Growing up between Austin, Texas, and Chickasaw Nation, Oklahoma, photographer Rahim Fortune recalls, “I have been exposed to the destruction of culture firsthand. In Austin, with gentrification, and in Oklahoma, with corporations taking native land.” It’s through these experiences that he’s laid the foundations of his creative legacy. “I work to find the beauty in everyday life while leaving space for and honouring the hardships many of us face,” he explains.
As a member of the Chickasaw Indian Nation tribe, Fortune has been documenting the community closest to him since 2016 through striking black and white portraiture of its older and younger generations dressed in intertribal regalia. “I began making documentary photographs as a way of understanding what is happening in regards to racial inequality and economic disparity,” he says. “I strive to create work that will allow others to learn and heal.”

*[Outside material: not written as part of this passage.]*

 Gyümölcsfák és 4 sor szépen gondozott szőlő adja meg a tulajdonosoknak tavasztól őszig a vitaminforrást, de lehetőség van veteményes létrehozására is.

Fortune hopes to win the Dazed 100 to help with the publishing fees of his debut monograph, Oklahoma – “A body of work that has never been produced from this geographic region,” he says – which would be donated to a number of public libraries in the Chickasaw Nation, where the series was made.

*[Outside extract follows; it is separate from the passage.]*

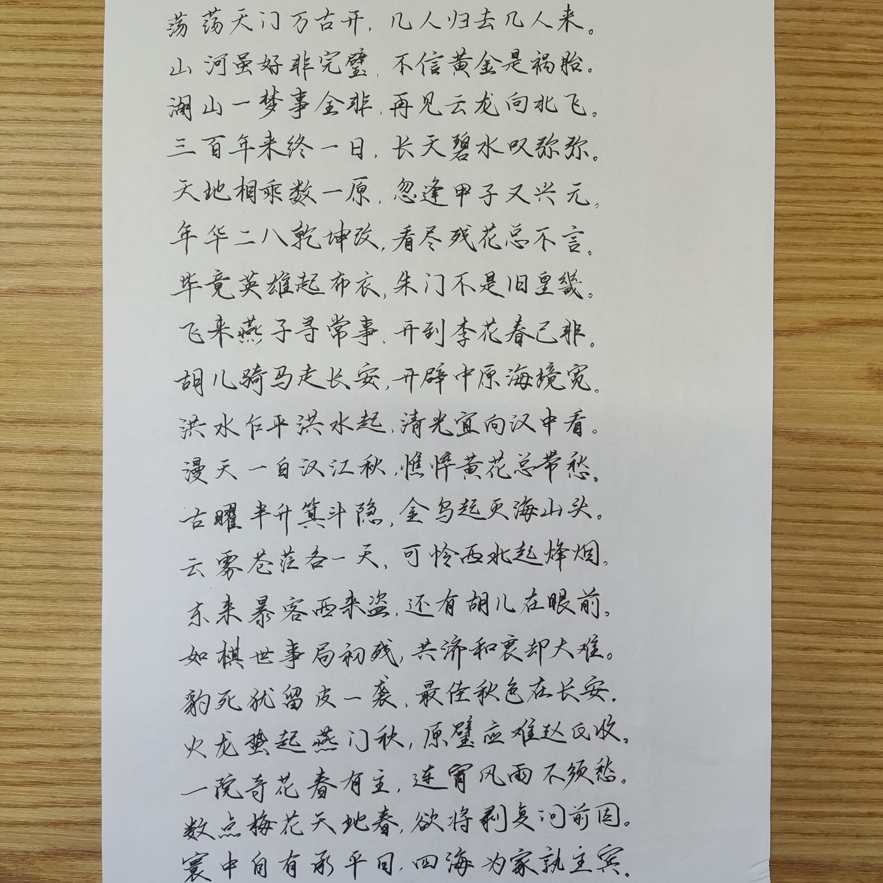 经过初赛的选拔,共有25位选手晋级决赛。12:50,选手们按照抽取的序号牌依次入座,主持人在宣读赛场秩序及比赛规则后,决赛正式开始。各选手手执钢笔书写,以“漫卷诗书喜欲狂”为主题,创作一首诗或写一段话。

When it comes to your work, what are you most proud of?
Rahim Fortune: I'm very proud of all of the work I have done around family dynamics in black and native communities. My proudest moment was having a show at MoMA PS1 in 2018. The show displayed photographs of Indigenous folks wearing intertribal regalia at a native gathering on the Shinnecock reservation.

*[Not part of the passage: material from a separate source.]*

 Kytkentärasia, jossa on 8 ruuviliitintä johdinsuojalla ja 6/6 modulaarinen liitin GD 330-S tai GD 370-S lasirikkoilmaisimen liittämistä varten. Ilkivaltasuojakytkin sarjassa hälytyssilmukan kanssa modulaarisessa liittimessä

What or who gives you hope and why?
Rahim Fortune: Working with the future generation of artists and thinkers gives me hope. We are in a moment where the voices of people of colour, women, and queer artists are able to be amplified like never before. Seeing fresh work created in the American South is something that constantly gives me hope.
“I began making documentary photographs as a way of understanding what is happening in regards to racial inequality and economic disparity. I strive to create work that will allow others to learn and heal” – Rahim Fortune
What creative or philanthropic project would you work on with a grant from the Dazed 100 Ideas Fund?
Rahim Fortune: This grant would help me complete the sequencing and publishing of my first monograph, Oklahoma. This book is a collection of photographs and essays created over three years, of me returning to my family's native land. It's a body of work that has never been produced from this geographic region.